Recent Advances in Enantioselective Cooperative Catalysis

Development of methods to prepare various organic compounds of synthetic, biological, and medicinal significance in a cost-effective, efficient, reliable and selective manner is vital to advances in human health care. The central theme of my research program is the development of synthetic methods that possess these desirable attributes and allow rapid access to the important molecules from an array of readily accessible but otherwise chemically inert starting materials. Synthesis of a target molecule can often be accelerated through the use of a catalyst system that facilitate the union of poorly reactive starting materials by converting them into a set of highly reactive intermediates en route to the products. Nonetheless, key shortcomings limit the application of catalytic methods in complex molecule synthesis. Among the critical unresolved issues in the state-of-the-art is the catalyst deactivation, occurring through the formation of stable adducts within a reaction mixture of the catalysts, starting materials, intermediates and/or products. Such process can either result in deceleration or termination of the target reaction. To suppress catalyst deactivation, the range of starting materials is confined to those that pose minimum risk of generating the inert adducts. The aim of my research team is to address these problems through the design and development of highly efficient and multi-functional catalyst systems that cannot be easily disabled/quenched. We aspire to demonstrate that our catalysts may be used for direct conversion of complex natural products, pharmaceuticals, and agrochemicals to a variety of derivatives of interest.

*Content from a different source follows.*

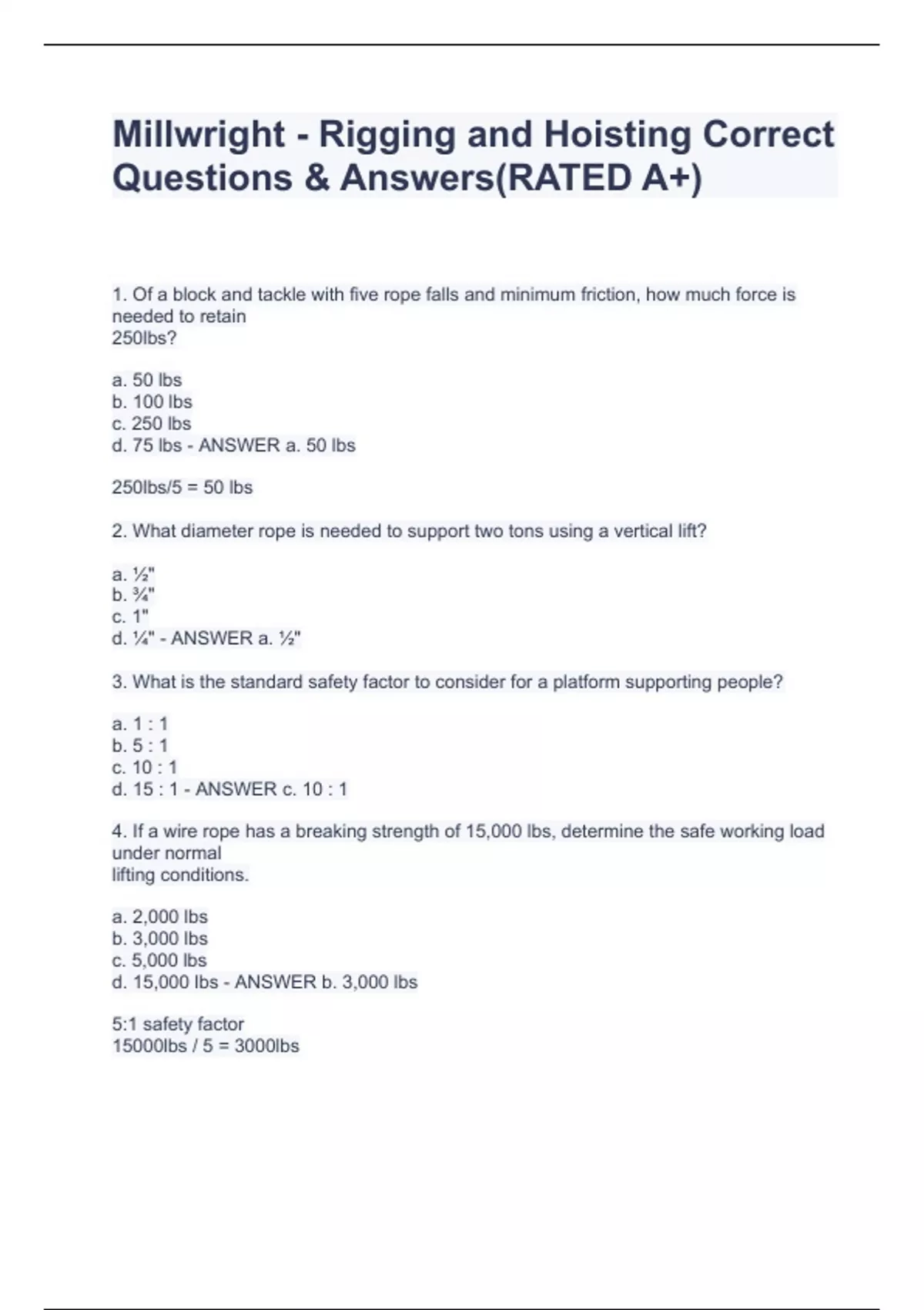1. Of a block and tackle with five rope falls and minimum friction, how much force is needed to retain 250lbs? a. 50 lbs b. 100 lbs c. 250 lbs d. 75 lbs - ANSWER a. 50 lbs 250lbs/5 = 50 lbs 2. What diameter rope is needed to support two tons using a vertical lift? a. ½" b. ¾" c. 1" d. ¼" - ANSWER a. ½" 3. What is the standard safety factor to consider for a platform supporting people? a. 1 : 1 b. 5 : 1 c. 10 : 1 d. 15 : 1 - ANSWER c. 10 : 1 4. If a wire rope has a breaking strength of 15,000 lbs, determine the safe working load under normal lifting conditions. a. 2,000 lbs b. 3,000 lbs c. 5,000 lbs d. 15,000 lbs - ANSWER b. 3,000 lbs 5:1 safety factor 15000lbs / 5 = 3000lbs 5. Given a rope strength of 12,650 lbs, and splicing the rope reduces strength by 25%, determine the new rope strength for normal rigging conditions. a. 1897.5 lbs b. 948.75 lbs c. 1000 lbs d. 2300 lbs - ANSWER a. 1897.5 lbs [12650 lbs/5(safety factor)] x 0.75 =1897.5 lbs 6. What type of lifting technique has the least lifting capacity (if all use the same rope)? a. Basket hitch b. 2 part Bridle c. Vertical hitch d. Choker sling - ANSWER d. Choker sling 7. What type of sling presentation will accept 200% of the SWL? a. Choker b. Basket c. Bridle d. Vertical - ANSWER b. Basket 8. The signal for stop in rigging is: a. Point finger b. Flat of hand waved across chest c. Wave hands in the air d. Finger pointed downward into palm of hand - ANSWER b. Flat of hand waved across chest 9. The construction of wire rope is determined by the direction of the twist of strands. This is known as: a. Lay b. Form c. Stranding d. Mesh - ANSWER a. Lay 10. A flexible wire rope for overhead crane use is: a. 6-19 b. 6-37 c. 8-19 d. 6-8 - ANSWER b. 6-37 11. A type of knot used to tie two lines of the same size together so they will not slip: a. Bowline b. Granny c. Reef

In this presentation, the following advances that were have made in our research group will be discussed: (1) development of potent and versatile catalyst systems that can activate an assortment of amines, ethers, carbonyl-containing and peptide-based compounds, thereby allowing rapid access to their useful derivatives. (2) Detailed mechanistic studies to elucidate how the catalysts operate, hoping to use the resulting knowledge to further our work in the future.